Based on the constructed QMSPR dataset, we developed an ML model for predicting OPV device performance using the XGBoost algorithm.36,37 The model was integrated with the SHAP framework—a cooperative game theory-based interpretability tool—to enable transparent and interpretable predictions (Fig. 4(a)).38,39 The complete dataset was partitioned into training and independent test sets at a 90–10% ratio. To optimize model parameters and ensure predictive performance, we conducted an exhaustive grid search of key XGBoost hyperparameters through 5-fold cross-validation within the training set. The optimized model achieved a root mean square error (RMSE) of 0.26 and a coefficient of determination (r2) of 0.91 on the independent test set, demonstrating robust prediction accuracy (Fig. 4(b)). The comparable performance on the training set (RMSE = 0.24 and r2 = 0.95) indicates that the model effectively learned the underlying structure of the data without significant overfitting (XGBoost framework code is available on https://github.com/limitedcommunication/OPV_analyzer). To rigorously evaluate the generalization capability of our model, we performed a prospective validation on L8-BO-X, a Y-series NFA not included in the original 125-molecule set. For the binary blend PM6:L8-BO-X (1
:
1.2), the experimentally measured PCE is 17.56% (Fig. S9, validation code is available on: https://github.com/limitedcommunication/L8-BO-X_validation).40 Using our HQCCP, we computed the same 27 quantum-chemical descriptors used in model training and standardized them with the training-set scaler. When input into the frozen XGBoost model, L8-BO-X yielded a predicted PCE of 17.55%, corresponding to an absolute error of just 0.01%. This result further supports the generalizability and predictive reliability of our model. Building upon this well-trained model, we implemented the game theory-based SHAP analysis to quantitatively assess each feature's contribution. This approach provides a unified metric that ranks feature importance and reveals their influences on predictions. It is important to note that the predicted PCEs represent an upper-bound estimate of a molecule's performance potential, contingent upon processing conditions. Consequently, the molecular design rules derived from our model should be interpreted as guidelines for molecular engineering within high-performance OPV systems rather than universal guarantees of device efficiency under arbitrary fabrication protocols. This distinction underscores that our framework captures the interplay between molecular structure and achievable performance under ideal processing, not intrinsic performance independent of processing. It should be noted that the current evaluation relies on a random train-test split, which may inadvertently allow structurally similar molecules to appear in both sets, potentially overestimating predictive performance. Although scaffold- or time-based splitting strategies would provide a more rigorous assessment of generalization to truly novel chemistries, the limited size and scope of the present dataset constrains the feasibility of such approaches.

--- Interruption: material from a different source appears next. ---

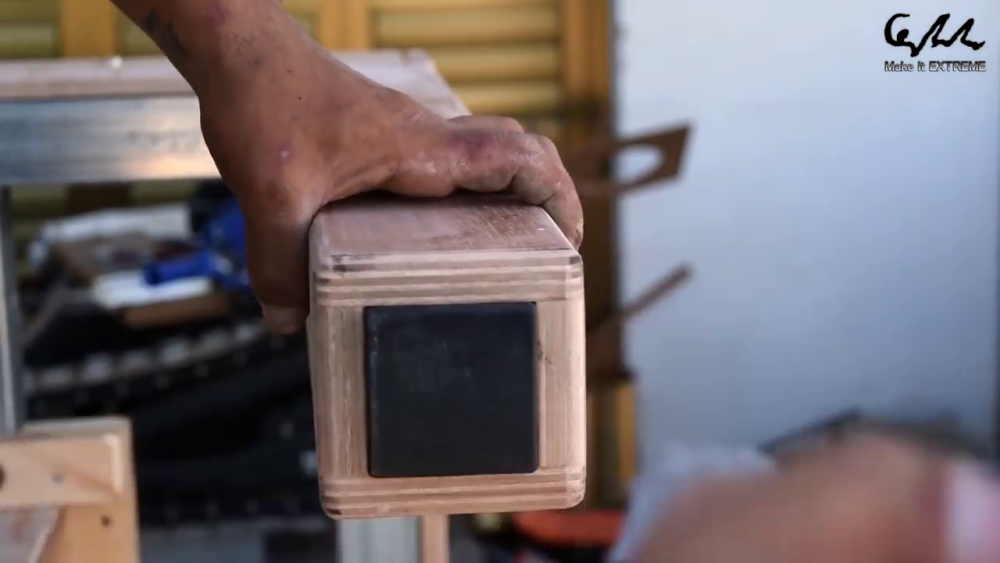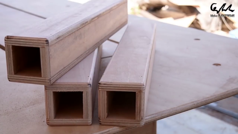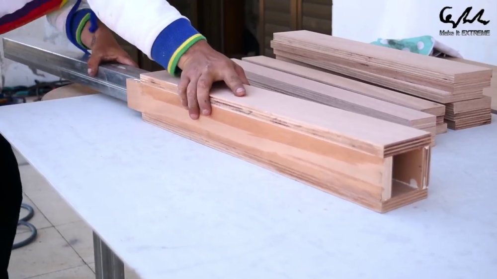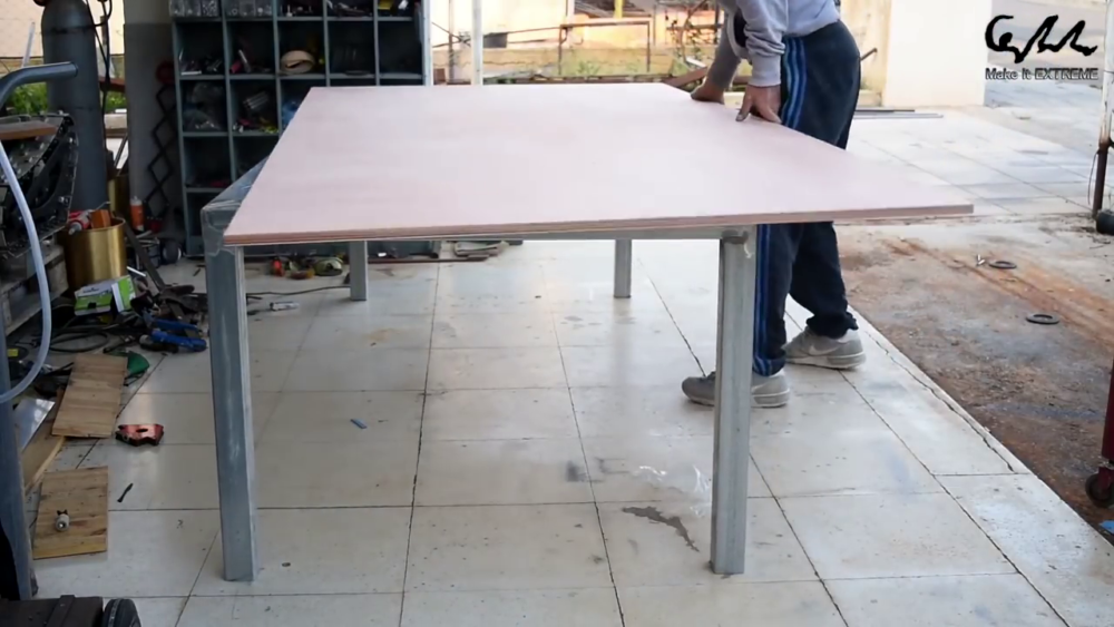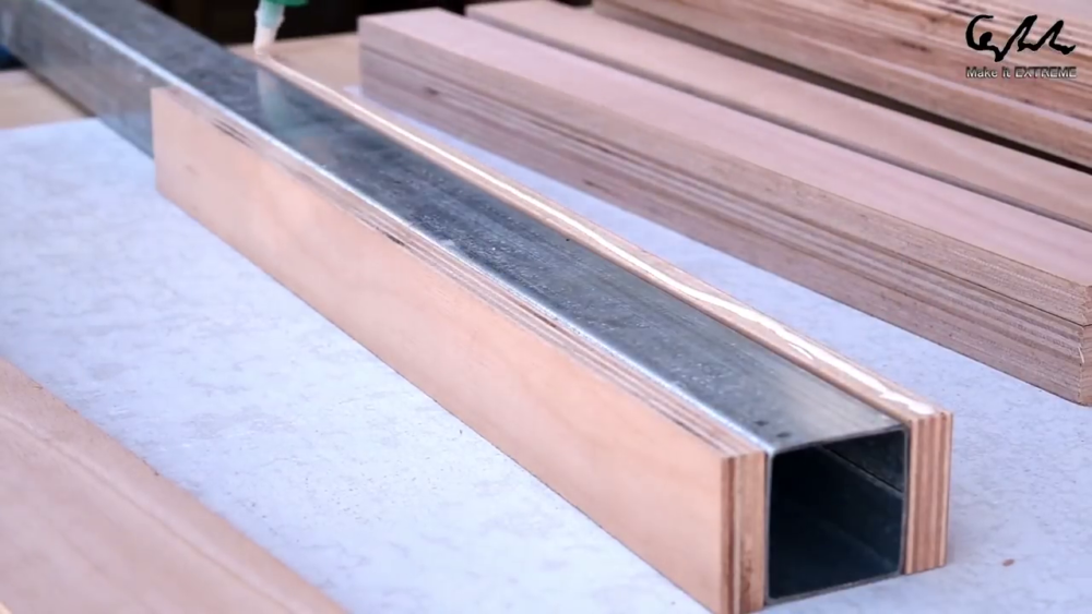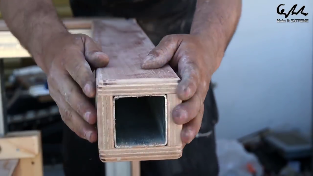 Далее из фанеры собираем деревянные ножки стола. Для этого полоски фанеры склеиваем вокруг квадратной профильной трубы 50х50. Затем трубу вынимаем из заготовки ножки, углы опиливаем фрезой, зашпаклевываем и шлифуем поверхность ножек. Надеваем деревянные ножки на металлические, закрепляя их с помощью клея. Незабываем установить пластиковые заглушки в металлические ножки.

SHAP-based visualization reveals key predictive features for OPV performance and their underlying mechanisms (Fig. 4(c) and S10 in SI). Quantitative feature importance analysis reveals that the “Electrostatic and polarity” descriptors dominate PCE prediction, accounting for a cumulative contribution of 63.1%. Among these, Pos_average (average positive electrostatic potential) exhibits the highest contribution (12.6%), followed by ESPmin (minimum electrostatic potential, 11.0%), Polar_area (polar surface area, 8.8%), and the MPI (molecular polarity index, 7.0%). SHAP value analysis also confirms that increased values of these descriptors correlate strongly with higher PCE, suggesting that enhancing the four “Electrostatic and polarity” descriptors above improves device performance. Notably, the ZZ component of the molecular quadrupole moment ranks as the fifth most important feature, with a contribution of 6.7%.
For deeper insight into the model's decision-making at the individual molecule level, we visualized SHAP values in a heatmap format (Fig. 5(a)): 125 columns represent 125 distinct molecules in the dataset, and each row corresponds to a molecular descriptor. This representation reveals the direction and magnitude of each feature's contribution to the prediction of individual molecules. Notably, although some molecules exhibit strong and consistent contributions from specific descriptors, others display more complex, multi-feature interaction patterns, highlighting heterogeneity in molecular behaviour. This per-molecule analysis provides a transparent and interpretable view of the model's internal logic. This demonstrates that the model does not rely on uniform feature importance, but its reasoning is based on the unique chemical profile of each acceptor.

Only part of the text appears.